Objective To compare the morcellation efficiency of the Wolf Piranha oscillating morcellator with the Lumenis VersaCut reciprocating morcellator. Materials and Methods After institutional review board approval, we conducted a retrospective analysis of patients undergoing holmium laser enucleation of the prostate (HoLEP) for symptomatic benign prostatic hyperplasia. The first 41 cases of HoLEP with morcellation performed with the oscillating morcellator were matched by weight of resected tissue to 41 control patients from our historic data set who underwent morcellation with the reciprocating system. The primary outcome of interest was morcellation efficiency. We also evaluated surgeon experience level to assess for a learning curve with the oscillating morcellator. Results The 41 patients from each group were comparable in terms of age, prostate size, continuation of aspirin, and catheter status. The oscillating morcellation efficiency was nearly double that of the reciprocating morcellator (8.6 g/min [range: 3.0-18.3] vs 3.8 g/min [range: 0.9-10.1], P <.0001). Mean resected weights for cases with the oscillating and reciprocating instruments were 69 g (range: 17-224 g) and 69 g (range: 17-213 g), respectively (P = .9). The total operative time and complication rates did not significantly differ.
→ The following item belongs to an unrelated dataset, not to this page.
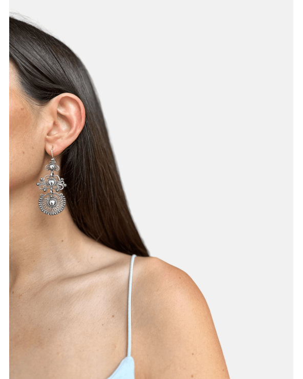 Pendientes Sapo en plata de ley acabada en rodio con gancho rígido.

For the oscillating system, morcellation efficiency for cases performed by staff alone was 9.8 g/min compared with 8.1 g/min when trainees were involved (P = .2), and there was no correlation between morcellation efficiency and number of cases performed (R = 0.01). Conclusion The oscillating morcellation system resulted in a morcellation efficiency double that of the reciprocating system for tissue retrieval after HoLEP. Achieving efficiency with the oscillating system was not associated with a significant learning curve and was not impacted by trainee involvement.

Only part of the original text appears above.